DATASET CONTENT:
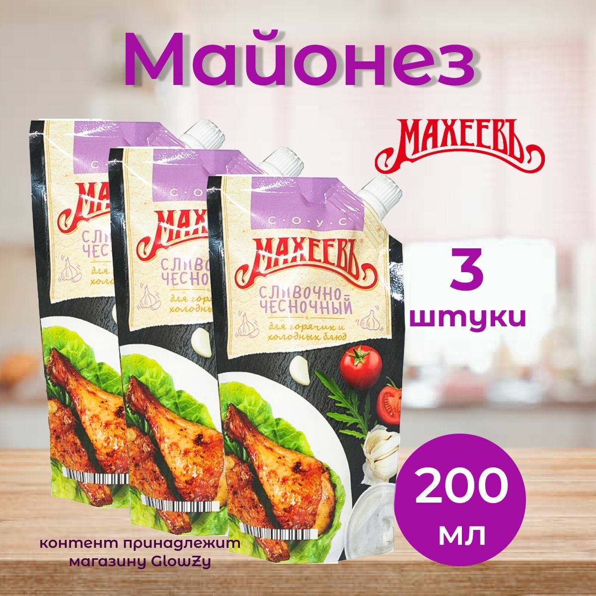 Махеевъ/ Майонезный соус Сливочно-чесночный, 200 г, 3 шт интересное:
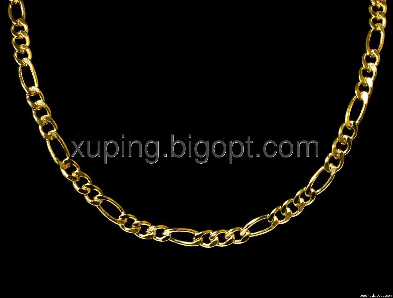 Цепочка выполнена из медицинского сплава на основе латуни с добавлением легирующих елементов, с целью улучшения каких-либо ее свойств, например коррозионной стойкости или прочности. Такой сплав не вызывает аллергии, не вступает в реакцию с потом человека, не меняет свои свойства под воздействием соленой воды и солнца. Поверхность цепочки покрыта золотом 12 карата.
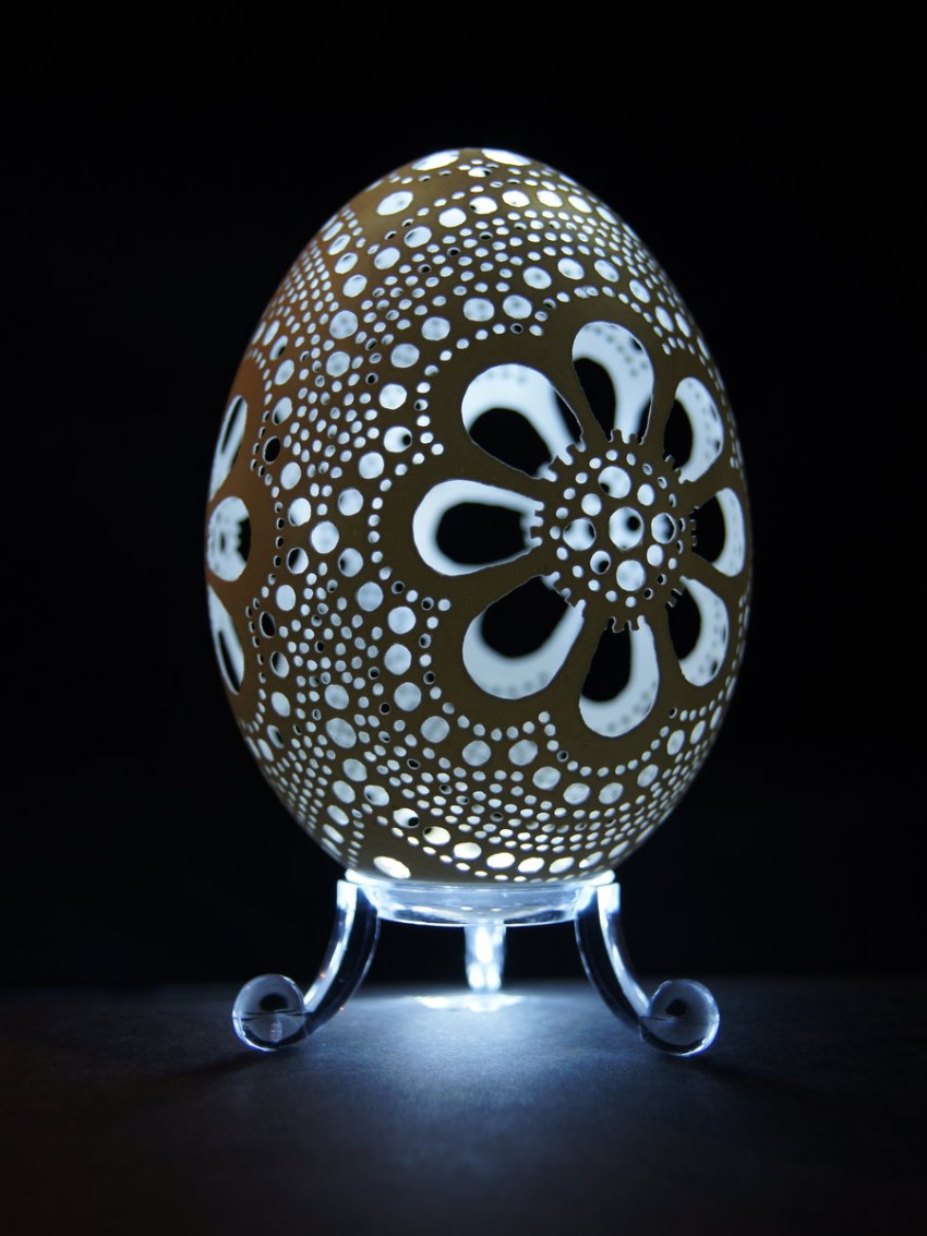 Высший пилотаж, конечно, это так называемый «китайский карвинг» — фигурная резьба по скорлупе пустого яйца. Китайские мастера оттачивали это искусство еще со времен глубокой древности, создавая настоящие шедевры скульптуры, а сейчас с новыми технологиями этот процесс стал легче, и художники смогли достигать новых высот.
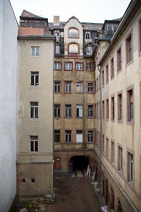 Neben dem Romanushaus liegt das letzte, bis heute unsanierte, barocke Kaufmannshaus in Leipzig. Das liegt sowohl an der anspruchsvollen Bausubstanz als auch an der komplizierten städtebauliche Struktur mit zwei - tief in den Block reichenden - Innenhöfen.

---

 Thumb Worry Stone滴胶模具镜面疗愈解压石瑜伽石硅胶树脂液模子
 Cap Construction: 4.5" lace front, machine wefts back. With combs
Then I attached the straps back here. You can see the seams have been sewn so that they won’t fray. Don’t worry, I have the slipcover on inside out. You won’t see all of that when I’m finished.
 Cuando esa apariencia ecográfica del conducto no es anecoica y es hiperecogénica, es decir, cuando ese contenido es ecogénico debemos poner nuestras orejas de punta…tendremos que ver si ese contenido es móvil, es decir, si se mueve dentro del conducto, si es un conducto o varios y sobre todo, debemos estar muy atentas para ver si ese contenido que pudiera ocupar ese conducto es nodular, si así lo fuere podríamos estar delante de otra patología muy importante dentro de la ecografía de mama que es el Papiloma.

--

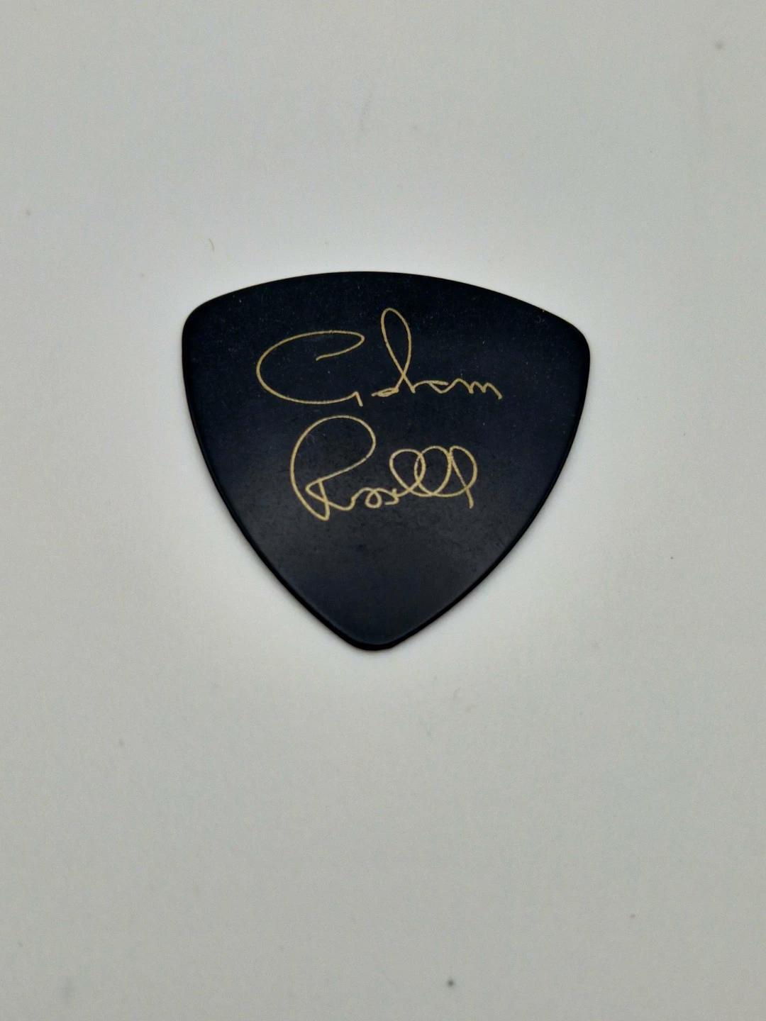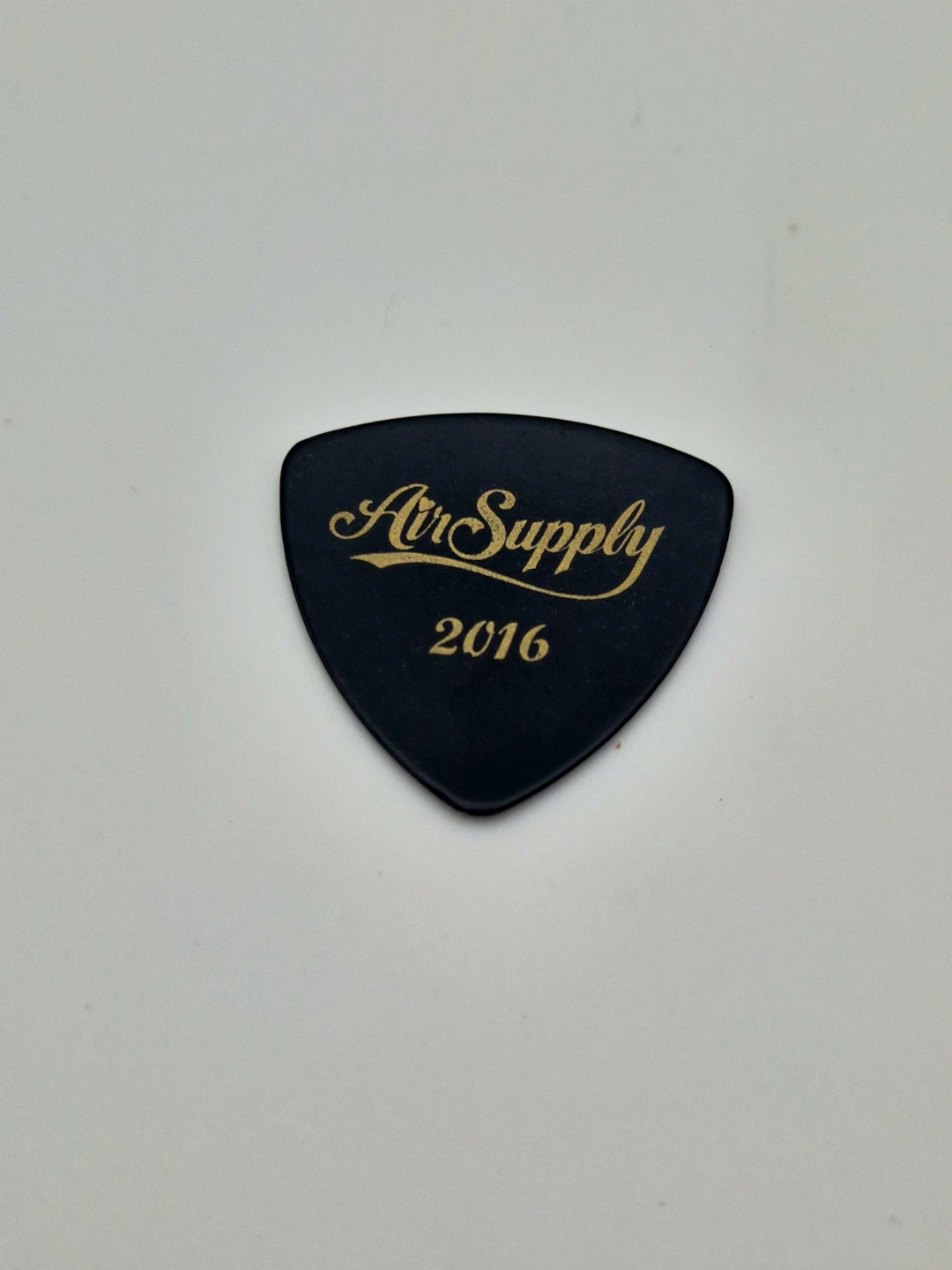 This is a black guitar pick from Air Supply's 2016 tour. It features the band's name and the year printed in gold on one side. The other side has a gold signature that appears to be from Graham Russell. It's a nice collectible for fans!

AIM OF THE EXERCISE:
Take every line of the material that contains the word "back", and copy it.

RESPONSE TO THE EXERCISE:
 Cap Construction: 4.5" lace front, machine wefts back. With combs
Then I attached the straps back here. You can see the seams have been sewn so that they won’t fray. Don’t worry, I have the slipcover on inside out. You won’t see all of that when I’m finished.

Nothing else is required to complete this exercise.